Patients and methods

Data source and data extraction

We conducted a retrospective analysis on pediatric osteosarcoma patients who underwent radical surgery or limb salvage surgery in the Department of Orthopedics or tumor Surgery of Children's Hospital affiliated to Chongqing Medical University from May 2012 to September 2021. The Ethics Committee approved this study of Children's Hospital Affiliated to Chongqing Medical University. Written informed consent was obtained for the study from the parents of the patients.

Inclusion criteria were: 1) pathologically diagnosed as Osteosarcoma. 2) No previous anticancer treatment. 3) Have detailed medical data and laboratory results, And 4) available follow-up. Exclusion criteria were: 1) pre-existing blood disorders. 2) There are inflammatory diseases such as infection before treatment. 3) Incomplete medical records and laboratory results; Or 4) use non-steroidal anti-inflammatory drugs, as this may interfere with blood tests. Finally, we collected the medical data of 86 pediatric osteosarcoma patients in our hospital.

Data collection

We collected relevant clinicopathological data, including gender, age, region, medical insurance, primary tumor site, left and right sides, TNM stage, operation, chemotherapy, radiotherapy, metastasis, and survival time.
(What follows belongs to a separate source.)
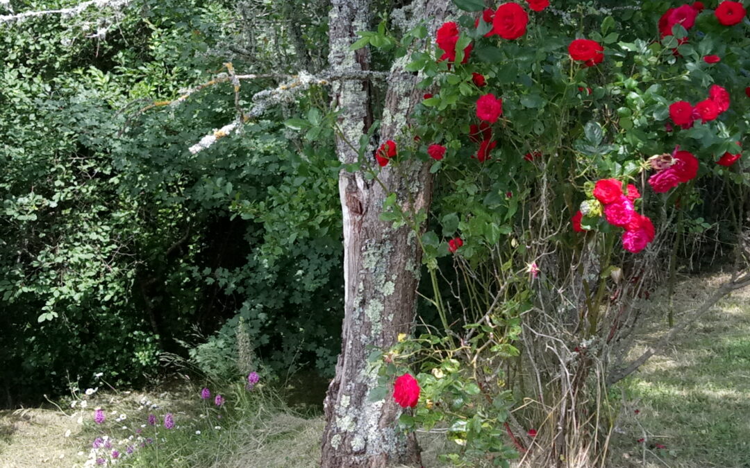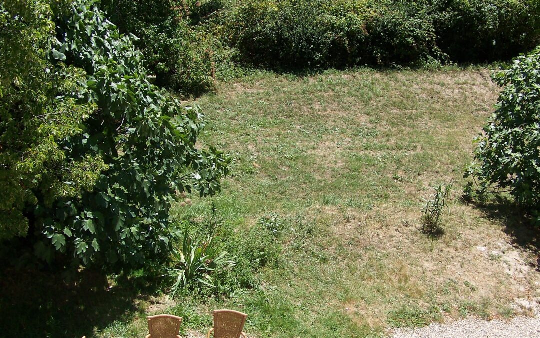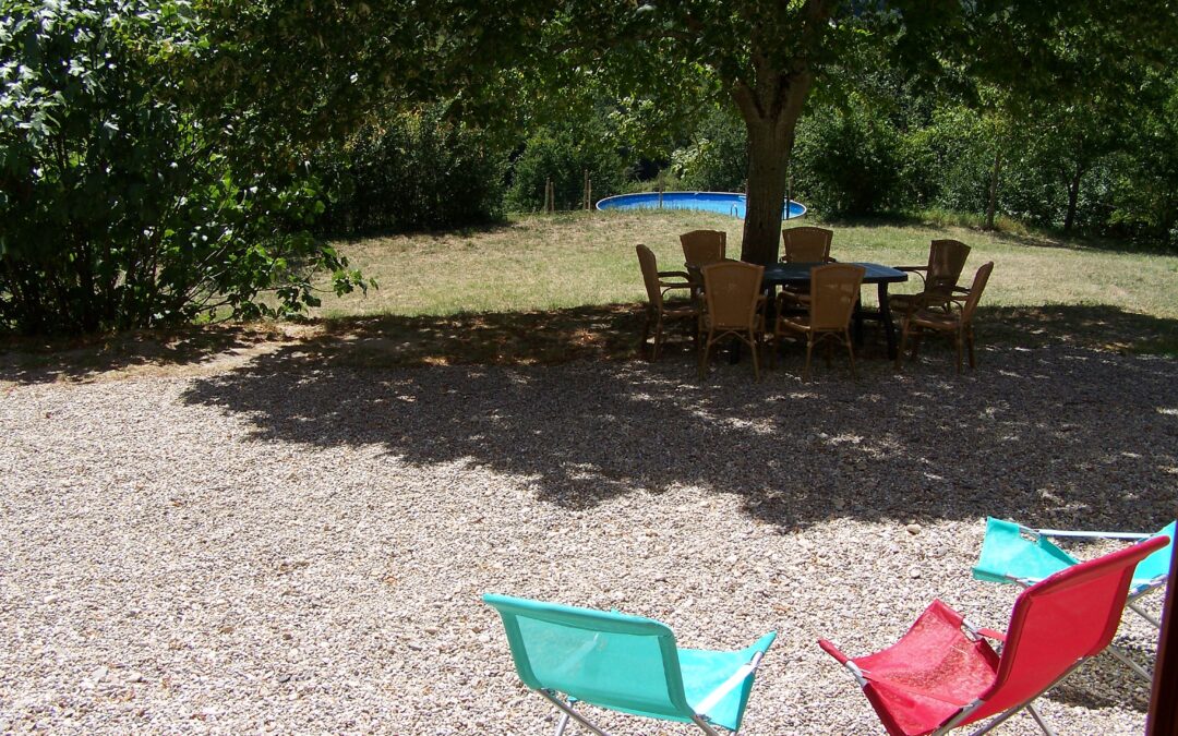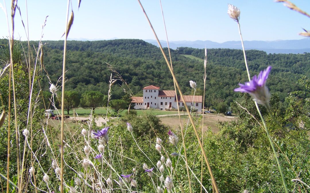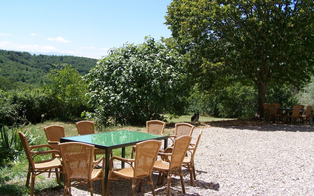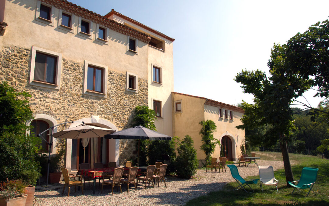 Via twee grote boogdeuren komt u op het terras met uitzicht op de appel- en notenbomen, weilanden en bos. In de verte ziet u de toppen van de Pyreneeën.

Routine laboratory data included preoperative blood samples in determining neutrophil, lymphocyte, and platelet levels and calculating NLR, PLR, and SII indices. NLR and PLR were defined as the total number of neutrophils or platelets divided by the total number of lymphocytes. SII was calculated by the formula SII = (P × N)/L, where P,N and L represented peripheral blood plate, neutrophil, and lymphocyte counts, respectively.

Follow-up

All pediatric osteosarcoma patients require regular follow-up after surgery. According to the institution's practice, we follow up once every 3 months in the first three years, once every 6 months in the fourth to 15 years, and once a year after that. Contact the patient by outpatient examination or telephone. Physical examination, blood test, surgical site X-ray, chest CT are routine clinical examination items in our hospital. Follow-up was completed until death or November 2021. Overall survival was considered the interval from surgery to the date of tumor-related death or loss of follow-up or last contact.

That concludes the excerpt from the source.